One might say that these type of players have no place in today’s game. Perennial powerhouse Detroit begs to differ. Just this year they signed Brad May. Here’s what Dan Cleary had to say about May.
“Knowing what he does on the ice is a good, calming factor for everybody, knowing teams aren’t going to be able to take liberties on our good players and run around. It’s a great element that has helped us in the past with Mac (Darren McCarty) and Downs (Aaron Downey).”
Where is our Dale Hunter?
This is a longstanding and spectacularly spirited debate — I think it fairly brought down Twitter the other day — and the two sides are united by a keen interest in seeing the welfare of Washington’s players preserved and protected to the fullest extent possible. Bright and thoughtful people are seated on both sides of this issue. But what I find conspicuously missing across a wide cross-section of the anti- enforcers crowd is an acknowledgment of the since-the-game’s-inception role enforcement has played in our sport. If hockey — at the NHL level most particularly — has ever known a role for an enforcer on more or less every roster, and yet now all of a sudden has far less of a need for one, when precisely did the metamorphosis occur? And how? Salary caps suddenly altered the nature of our sport? Really?
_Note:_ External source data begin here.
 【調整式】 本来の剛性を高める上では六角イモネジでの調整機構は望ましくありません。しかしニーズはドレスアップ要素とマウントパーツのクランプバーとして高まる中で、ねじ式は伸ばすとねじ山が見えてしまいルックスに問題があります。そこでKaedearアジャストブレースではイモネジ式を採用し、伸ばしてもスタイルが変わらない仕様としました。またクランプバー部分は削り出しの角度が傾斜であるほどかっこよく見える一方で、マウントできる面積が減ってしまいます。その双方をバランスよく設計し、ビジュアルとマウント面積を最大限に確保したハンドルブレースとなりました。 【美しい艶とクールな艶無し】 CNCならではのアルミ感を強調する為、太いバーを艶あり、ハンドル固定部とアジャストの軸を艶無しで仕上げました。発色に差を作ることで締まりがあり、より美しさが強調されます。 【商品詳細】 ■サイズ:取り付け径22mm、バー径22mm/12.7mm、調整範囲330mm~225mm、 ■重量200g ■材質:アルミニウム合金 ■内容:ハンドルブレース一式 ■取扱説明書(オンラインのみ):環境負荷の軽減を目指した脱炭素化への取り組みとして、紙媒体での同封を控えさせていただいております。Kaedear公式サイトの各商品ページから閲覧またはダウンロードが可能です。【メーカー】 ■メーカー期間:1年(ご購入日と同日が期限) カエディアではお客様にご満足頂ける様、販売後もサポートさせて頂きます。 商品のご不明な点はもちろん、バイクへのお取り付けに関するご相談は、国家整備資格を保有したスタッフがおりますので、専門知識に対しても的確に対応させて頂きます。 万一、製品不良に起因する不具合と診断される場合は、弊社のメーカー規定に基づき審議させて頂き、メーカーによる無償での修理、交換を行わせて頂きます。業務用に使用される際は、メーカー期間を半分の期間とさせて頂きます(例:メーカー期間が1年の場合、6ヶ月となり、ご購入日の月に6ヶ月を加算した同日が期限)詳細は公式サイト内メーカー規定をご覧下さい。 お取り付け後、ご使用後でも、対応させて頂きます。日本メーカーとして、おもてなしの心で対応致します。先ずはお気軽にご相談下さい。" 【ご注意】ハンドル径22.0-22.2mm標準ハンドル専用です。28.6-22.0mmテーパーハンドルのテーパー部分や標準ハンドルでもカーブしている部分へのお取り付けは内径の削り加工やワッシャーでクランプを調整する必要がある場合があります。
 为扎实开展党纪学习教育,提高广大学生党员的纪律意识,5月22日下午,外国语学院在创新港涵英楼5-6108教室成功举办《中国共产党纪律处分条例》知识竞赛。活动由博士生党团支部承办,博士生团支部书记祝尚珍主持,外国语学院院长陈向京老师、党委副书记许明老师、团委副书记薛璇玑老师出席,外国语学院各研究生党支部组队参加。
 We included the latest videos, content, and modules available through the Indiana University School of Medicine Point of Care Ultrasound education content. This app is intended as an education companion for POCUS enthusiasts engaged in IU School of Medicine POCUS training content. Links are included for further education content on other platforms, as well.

For me this question is answered easily by the nature of our game. No other sport asks of its athletes what hockey does. Collide with one another, on every shift, at upwards of thirty miles per hour. Do so within the confines of unyielding dasher boards and increasingly inflexible plexiglass. Be built like NFL safeties and linebackers. And for good measure, carry a weapon in your hands. The nature of our game strongly suggests that nightly there will be violence; having one or two independent sets of eyes at ice level monitoring the drama is hardly deterrent; and decades’ worth of circumstantial evidence is highly suggestive that when a game’s violent tensions are addressed in culminating fashion by a slow dance involving heavyweights, most often order is restored. The cheap stuff comes to a screeching halt.
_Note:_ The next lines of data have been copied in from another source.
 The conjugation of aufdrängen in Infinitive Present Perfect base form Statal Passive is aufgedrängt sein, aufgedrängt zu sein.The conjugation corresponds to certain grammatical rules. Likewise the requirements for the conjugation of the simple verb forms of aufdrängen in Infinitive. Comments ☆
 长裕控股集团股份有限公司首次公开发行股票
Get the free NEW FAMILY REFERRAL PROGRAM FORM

The cold hard reality is that non-sanctions like that for David Koci are par for the NHL course. This is a league that has ever wanted and nurtured ‘the buzz’ associated with toeing the line on socially unsanctioned, frontier-style retribution. It’s part of what distinguishes the NHL from all other sports. It isn’t going anywhere. And if you aren’t adequately prepared for engagement with it, you are vulnerable.